Eleven per cent – or 33 – of respondents rate themselves rather well, believing their organizations were highly effective at stopping a range of attacks. These include breach of customers’ and employee personal information, insider threats, distributed denial of service (DDoS) attacks, breach of customer credit card or financial information, as well as the ability to monitor of data and activity over time to identify vulnerabilities.

The survey, paid for by cloud IT management services provider ServiceNow, doesn’t detail all of the data gathered by the study. But it concluded that from the answers to some questions that this group of responders shared many characteristics, saying they

–have increased automation of security functions;

–have tight integration with other functions across the enterprise, especially IT;

— agree that strong relationships between IT and security are important to the success of their security function;

–rate the prioritization of security alerts in the larger context of the business as critical to the success of their security function;

– see security as a core strategic goal for their company.
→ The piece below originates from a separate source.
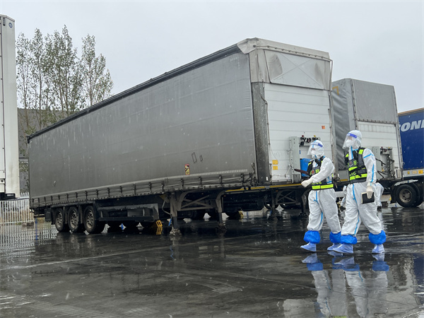 吉木乃邊檢站實施預約通關模式,限定區域內秩序井然。黨員突擊隊民警全員在崗,民警不到7點就早早起床,在各自宿舍核酸檢查、洗漱、就餐、整理好內務。9點30分整,黨員突擊隊通過對講機召開上勤會,部署當前勤務安排。10點整,民警換好防護服、戴上口罩、面罩、鞋套,守衛在口岸限定區域各個重點部位,開始了一天的警務工作。 剛上勤,就迎來秋季最大的一次降溫降雪大風天氣,氣溫直降到零下2攝氏度,風雪交加。但這絲毫阻擋不了出入境貨車的腳步。“注意安全!要等甩挂車輛停穩後,再操作卸挂車!”甩挂貨場引導崗位民警李書健快走幾步,一邊示意車輛停靠到指定位置,一邊指導甩挂場地工人打開工具箱檢查。 正在給入境貨車車體檢查的女民警嚴寒露,是首次到口岸限定區域工作。她與女民警邰瑛主動請纓,多次遞交請戰書。最終,兩人有幸成為疫情後首批進駐限定區域工作的女民警。工作中,兩人充分發揮女警柔性執法、服務群眾耐心細緻的優勢,成為口岸限定區域一道獨特的風景線。

Assuming this group of CISOs are right in their confidence in their strategies, and the characteristics detected by the report’s authors are a significant factor, they may form a basis for other infosec leaders to learn from.

On the other hand, the survey data released show the majority of responders not confident at all on their abilities. Just 56 per cent of respondents said they are highly effective at protecting against customer-information breaches, and just 51 per cent are highly effective at preventing DDoS attacks.

Overall only 19 per cent of CISOs said their organization is highly effective at preventing breaches. Just over one in ten reported suffering a significant security breach causing reputational or financial damage in the past three years.

Interestingly, 47 per cent of respondents agreed that insufficient quality and amount of data interfered were either a substantial or complete barrier to their security function’s ability to protect against, detect and respond to security issues.

With more CISOs recognizing that automating security functions is vital to keep on top of threats and alerts kicked off from sensors, just one-third of respondents said they currently bautomate more than 40 per cent of their security processes today.

However, two-thirds said will automate 40 per cent or more security tasks in three years.

In order their priorities for automation are threat intelligence, aggregation of alerts or incidents from multiple security tools into a single system, prioritizing incidents based on business criticality, trend reporting and contextualizing and identifying the business criticality of threats.

(By comparison the leading tasks being automated today are rioritizing incidents based on business criticality and aggregating incident reporting.)

As a provider of automation capability, ServiceNow has an interest in the topic. But the report also notes that “no matter how many tasks are done by machines, automation must be combined with process changes and effective talent strategies to deliver its full value. The quality and quantity of the data available is critical, too.”